EXCERPTED DATA >>
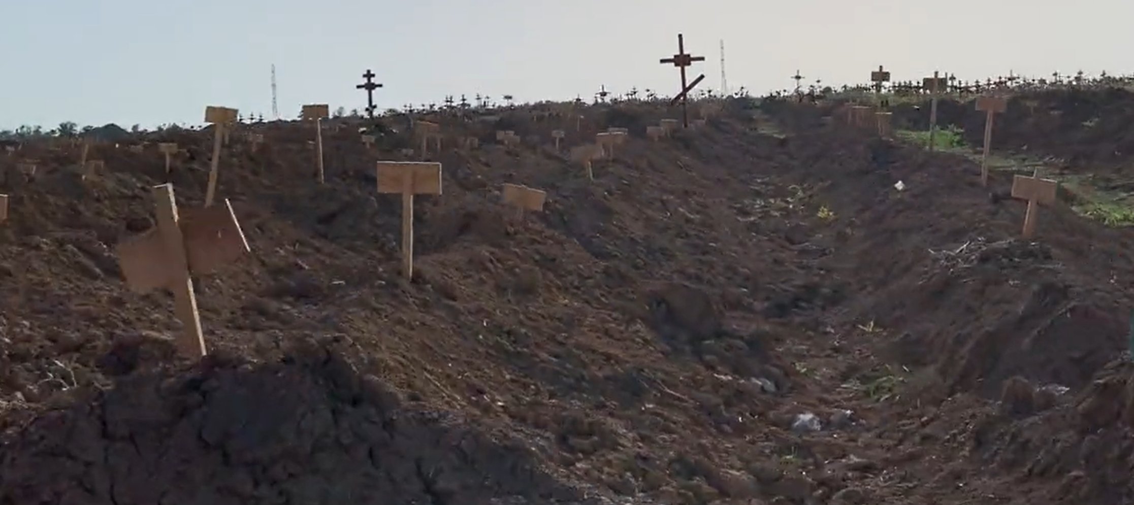 Are peste 3.000 de morminte proaspete și, potrivit Nexta, majoritatea plăcilor și crucilor sunt doar numerotate, fără a avea nume.
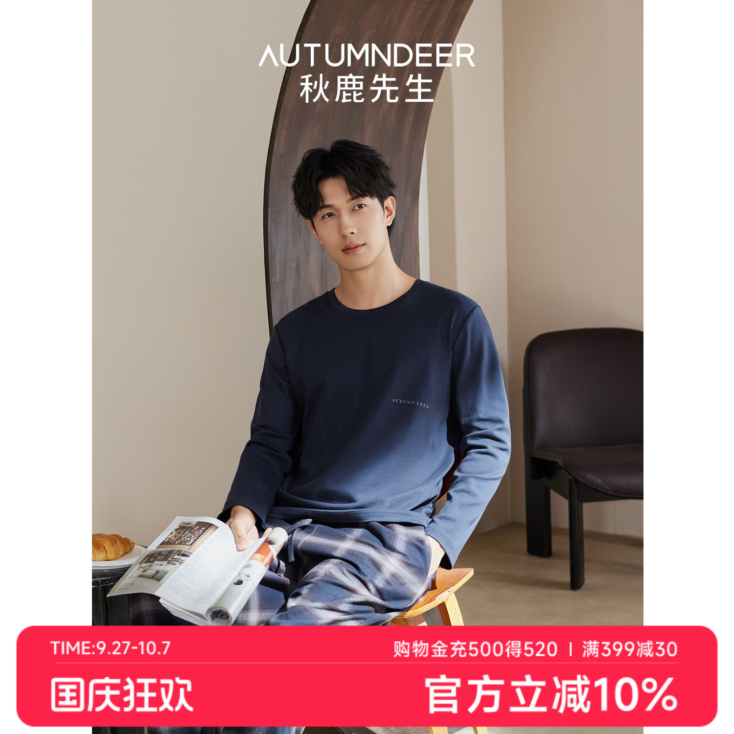 【断码特卖捡漏】秋鹿长袖长裤纯棉睡衣女夏季简约男士家居服情侣
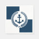 Nautical themed design with anchor and laurel wreath decoration over blue and white geometric background
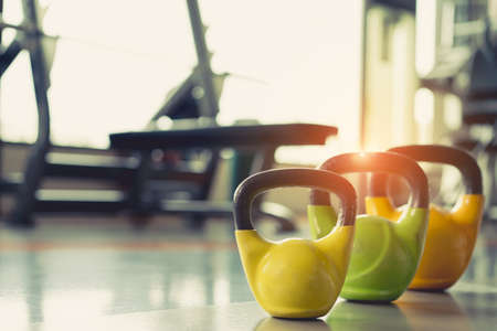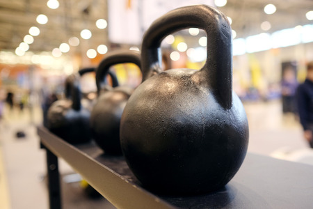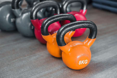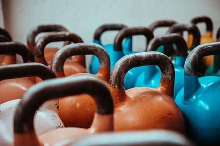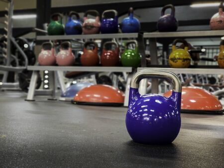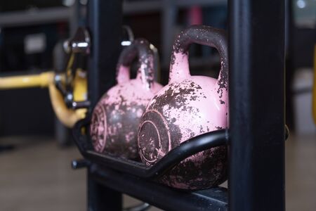 Kettlebells in a fitness club, closeup of photo
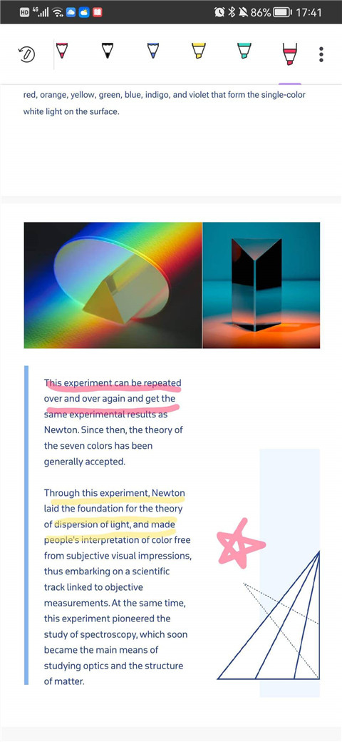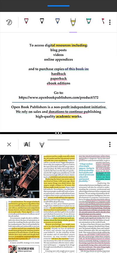 3、点击“高亮”选项,选择并将您想要高亮的文本,您还可以长按选项以选择画笔颜色。
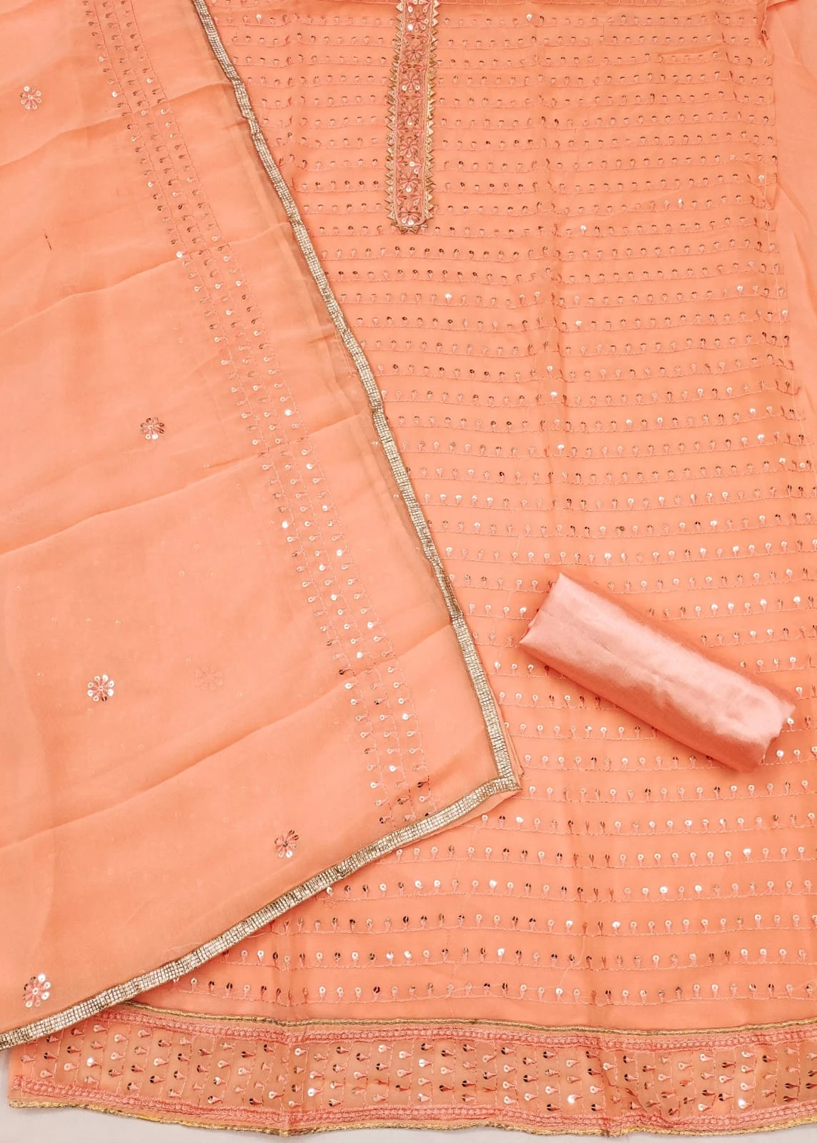 Color: The dress material is available in a serene Ice Cream Baby Orange shade, symbolizing freshness, tranquility, and nature. This soft and soothing hue is perfect for creating a chic and sophisticated look, whether for daytime events or evening gatherings.
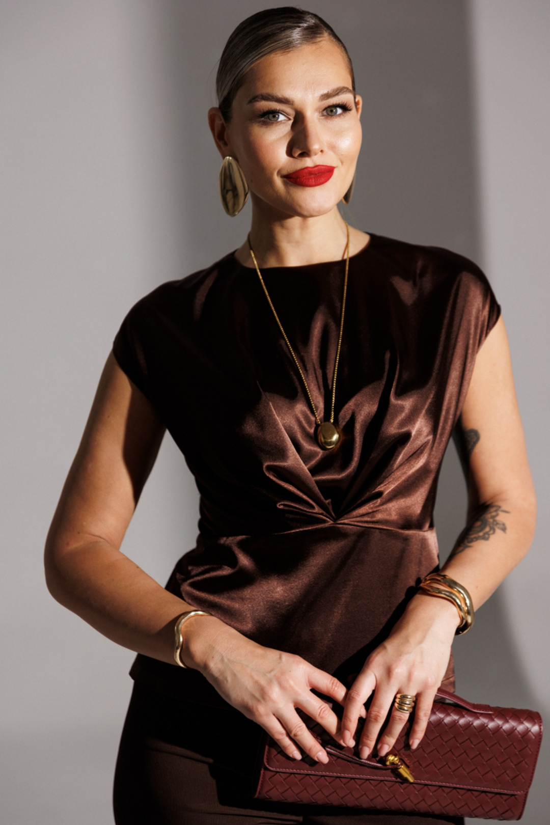 Эта блуза идеально подходит для создания элегантного и непринужденного образа, легко комбинируется с различными видами низа и аксессуарами.
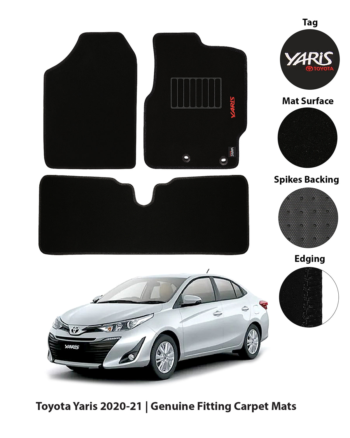 TOYOTA YARIS 2020-PRESENT EXECUTIVE SIDE LOGO CARPET CAR FLOOR MAT brings a tailored fit to your executive mats. Made from durable Executive. Available in Black. Resistant to wear, easy to clean, and made for everyday use.
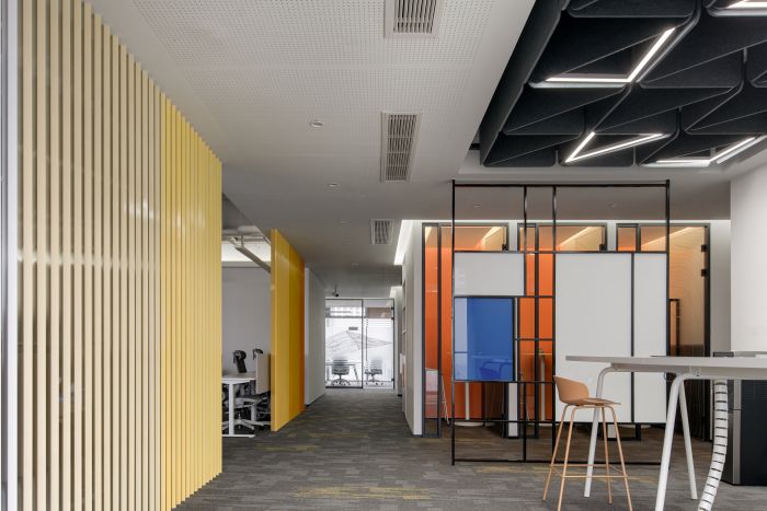 前臺空間使用了白色大理石材質(zhì),整體風格簡潔優(yōu)雅??臻g右側使用企業(yè)的品牌色黃色和橙色設置了一個線條隔斷,用于分隔入口區(qū)域和辦公區(qū),保護企業(yè)辦公空間的隱私。空間讓來訪者感覺流暢現(xiàn)代,同時也充滿了企業(yè)的個性。
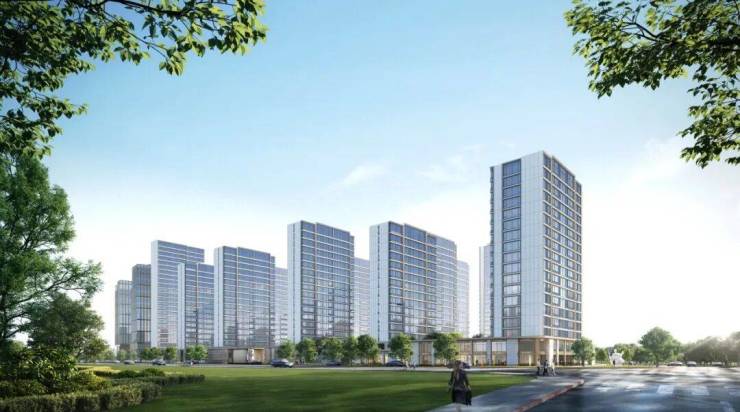 公建化的立面,四面铝板搭配大面积玻璃,阳台统一封包,底层的浅色天然石材还被打磨出弧线,脱去厚重外壳,轻盈洒脱。项目西侧直线约800米就是钱塘江,春来晴翠也在园区里编织了一幅山水画卷。
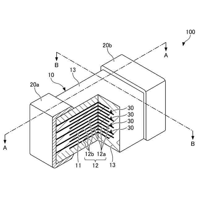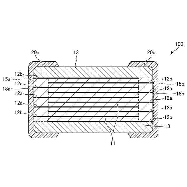 図1は、本開示の一態様に係る積層セラミックコンデンサの一例の部分断面斜視図である。図2は、図1のA-A線断面図である。図3は、図1のB-B線断面図である。図1~図3で例示するように、積層セラミックコンデンサ100は、略直方体形状を有する積層チップ10と、積層チップ10のいずれかの対向する2端面に設けられた外部電極20a,20bとを備える。なお、積層チップ10の上記2端面のうち、一方を第1の端面と称し、もう一方を第2の端面と称する。第1の端面および第2の端面は、積層チップ10の端面のうちの1端面であれば、どちらの面が第1の端面18aまたは第2の端面18bであってもよい。第1の端面18aおよび第2の端面18b以外の4面のうち、積層方向の上面および下面以外の2面を側面と称し、一方を第1の側面と称し、もう一方を第2の側面と称する。第1の側面および第2の側面は、積層チップ10の側面であれば、どちらの面が第1の側面19aまたは第2の側面19bであってもよい。なお、積層方向にある端の面を上面又は下面としているため、積層チップ10の上面は上側に特定されるものでなく、積層方向にある端の面であれば、どちらの面が上面であっても下面であってもよい。外部電極20a,20bは、積層チップ10の積層方向の上面、下面、第1の側面19aおよび第2の側面19bに延在している。ただし、外部電極20a,20bは、互いに離間している。
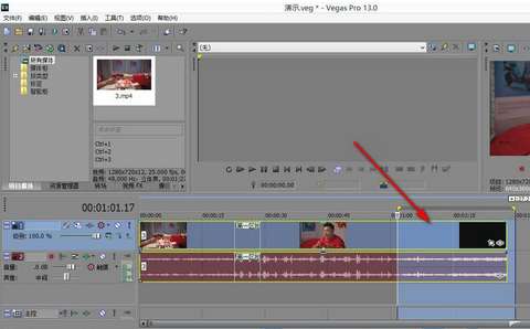 1、打开vegas,找到——项目媒体,先将素材鼠标拖拽至时间轴上。
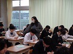「卒業前特別授業」として、卒業生合唱曲の歌詞の内容を読み取る授業を進めていました。歌詞全文が載るワークシートをもとに、使われている表現技法のほか、最も印象に残るところなど・・・生徒たちは、自分たちの歌う合唱曲へのイメージを膨らませていました。卒業式当日、卒業生としての思いを込めた素晴らしい合唱になるだろうと感じる瞬間でした。
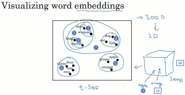 在网上你可能会看到像这样的图用来可视化,300维或者更高维度的嵌入。希望你能有个整体的概念,这种词嵌入算法对于相近的概念,学到的特征也比较类似,在对这些概念可视化的时候,这些概念就比较相似,最终把它们映射为相似的特征向量。这种表示方式用的是在300维空间里的特征表示,这叫做嵌入(embeddings)。之所以叫嵌入的原因是,你可以想象一个300维的空间,我画不出来300维的空间,这里用个3维的代替(上图编号8所示)。现在取每一个单词比如orange,它对应一个3维的特征向量,所以这个词就被嵌在这个300维空间里的一个点上了(上图编号9所示),apple这个词就被嵌在这个300维空间的另一个点上了(上图编号10所示)。为了可视化,t-SNE算法把这个空间映射到低维空间,你可以画出一个2维图像然后观察,这就是这个术语嵌入的来源。
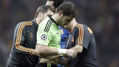 Hacía ocho meses que Casillas no disputaba un partido oficial con el Madrid. En total, 238 días desde que Arbeloa, otro compañero, le fracturara una mano de una patada en Mestalla. La insólita rotación de Ancelotti le dio la titularidad en la Champions. Pero Casillas no pudo disfrutar. Todavía estaba frío cuando despejó un balón fuera de banda y llamó a los médicos. Le examinaron, le vendaron y luego pidieron el cambio. Pepe y Riera se acercaron a animarle mientras se retiraba lastimado. El público le dedicó una ovación mientras le daba un abrazo a Diego López y se retiraba.

WHAT IS BEING ASKED >> Reproduce exactly the lines above that run from the one with "前臺空間使用了白色大理石材質" to the one with "公建化的立面,四面铝板搭配大", both included, leaving pictures out.

TASK SOLUTION >>
 前臺空間使用了白色大理石材質(zhì),整體風格簡潔優(yōu)雅??臻g右側使用企業(yè)的品牌色黃色和橙色設置了一個線條隔斷,用于分隔入口區(qū)域和辦公區(qū),保護企業(yè)辦公空間的隱私。空間讓來訪者感覺流暢現(xiàn)代,同時也充滿了企業(yè)的個性。
 公建化的立面,四面铝板搭配大面积玻璃,阳台统一封包,底层的浅色天然石材还被打磨出弧线,脱去厚重外壳,轻盈洒脱。项目西侧直线约800米就是钱塘江,春来晴翠也在园区里编织了一幅山水画卷。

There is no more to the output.